With a childhood background in Louisiana Roman Catholicism and then Mississippi Methodism, Anita Hill’s faith matured in Ann Arbor, Michigan. While attending a Lutheran Campus Ministry Bible study on homosexuality, she became a Lutheran who sensed a call to ministry and advocacy. She became active in the fledgling LGBT group, Lutherans Concerned, and she was elected co-chair in 1980. By 1983, she had been called to serve with Wingspan Ministry, an LGBT outreach of St. Paul Reformation in St. Paul, Minnesota. That same year, St. Paul-Ref became one of the first two Lutheran congregations to join the welcoming church movement as Reconciling in Christ congregations (Ross Merkel’s Oakland congregation was the other).
In the 1990s, she enrolled at United Theological Seminary of the Twin Cities, an ecumenical seminary affiliated with the UCC, even as she continued as Pastoral Minister at St. Paul-Ref. During her time at United, she received awards for her scholarship and her service. During this period she also met her life partner, Janelle Bussert, and they were blessed in a service at St. Paul-Ref in 1996, followed by a dance in the freshly-painted church basement that lasted for hours, “there were a few elders who sat up past their bedtime watching people of the same gender dance.”
Hill graduated from United Seminary in 2000 and pursued ELCA ordination through regular synod channels. The St. Paul Area Synod bishop at the time was Mark Hanson, soon to be elected to be the ELCA presiding bishop. St. Paul-Ref asked the synod, which in turn asked the ELCA Church Council, for an exception to the current guidelines.
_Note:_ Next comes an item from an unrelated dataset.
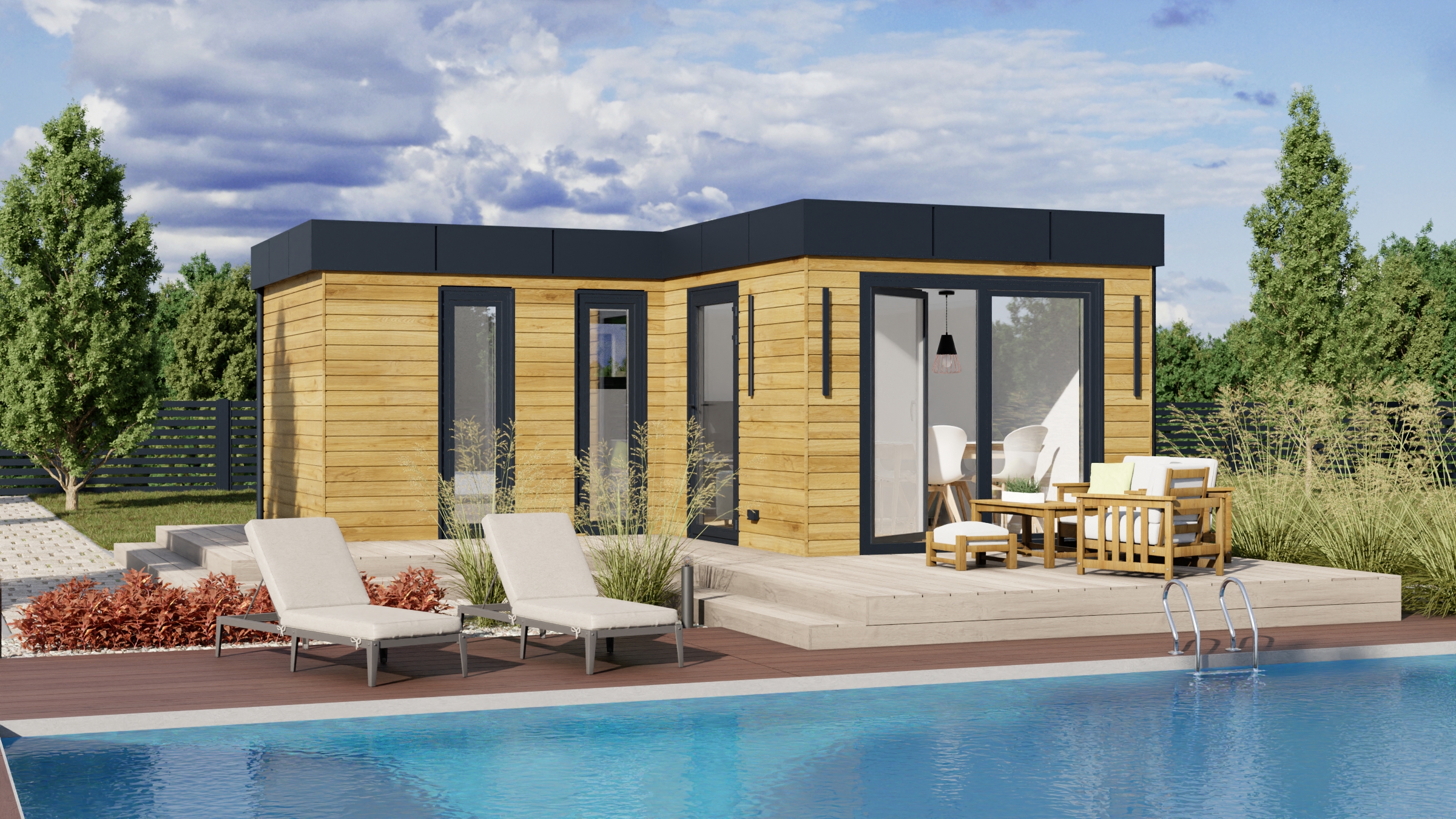 Dodatkowe opcje: Wentylacja grawitacyjna, klimatyzacja z funkcją grzania, aneks kuchenny (szafki, lodówka podblatowa, płyta indukcyjna dwupalnikowa, zlew z baterią), podest wejściowy z deski tarasowej, ściana wewnętrzna z lameli (~4,5 m²), rynna na tylnej ścianie ze spadkiem dachu

Their request was rejected. Following a unanimous vote by the St. Paul-Ref congregation (176-0), Hill and the congregation decided to pursue ordination outside the normal procedures, following the example of the two San Francisco congregations in 1990. Those two congregations had been expelled by the ELCA. In fact, Ruth Frost and Phyllis Zillhart had been members of St. Paul-Ref at that time, and it was Anita Hill who suggested they pursue the San Francisco call.
Through the auspices of the predecessor organizations of Extraordinary Lutheran Ministries (ELM), Hill was ordained extra ordinem in 2001. The ordination was moved to the nearby facilities of Lutheran Church of the Redeemer that would be better able to handle the anticipated throng. A thousand or more swelled the old sanctuary on Saturday, April 27th, including more than two hundred clergy–Lutherans, of course, but also Presbyterians, Roman Catholics, Baptists, a rabbi, and a Buddhist monk–and three Lutheran bishops: Swedish bishop and Harvard professor Krister Stendahl, sitting bishop Paul Egertson, and retired bishop Lowell Erdahl. Bishop Egertson was forced to resign because of his involvement in Hill’s ordination. On the other hand, contrasted with the expulsions of the San Francisco congregations following ecclesiastical trials 10 years earlier, St. Paul-Ref received a tepid tap on the wrist.
Pastor Hill became the poster Lutheran lesbian. In the Lutheran legislative wrangling in the biennial assemblies leading up to the momentous policy changes in 2009, Pastor Hill was a highly-visible face of the Lutheran LGBT community. At the 2005 Churchwide Assembly, a resolution to allow Hill to speak to the plenary failed. Hill and a hundred others risked the wrath of their church by marching to the front of the dais and refusing to leave. If the plenary was to talk about them, even as they refused to talk with them, at least they would see the faces of the objects of their discussions.
After the church made a 180 degree policy shift in 2009, Hill was welcomed onto the roster of ELCA clergy in a festive Rite of Reception on September 10, 2010. The Rite also included Ruth Frost and Phyllis Zillhart who had returned to the Twin Cities by then and served as hospice chaplains. The entire procession of bishops, active and retired, and countless clergy filed in through four stanzas of the hymn and more before all had reached their place, and then the first presiding bishop of the ELCA, Herbert Chilstrom, led the congregation in halting voice and failing eyesight in a litany of confession, which included a confession of the sins of the church toward gays and lesbians.
As preaching minister Barbara Lundblad moved to the center of the congregation to read the gospel message, the congregation joined the choir in the refrain of the gospel anthem:
My heart shall sing of the day you bring. Let the fires of your justice burn. Wipe away all tears, for the dawn draws near, and the world is about to turn.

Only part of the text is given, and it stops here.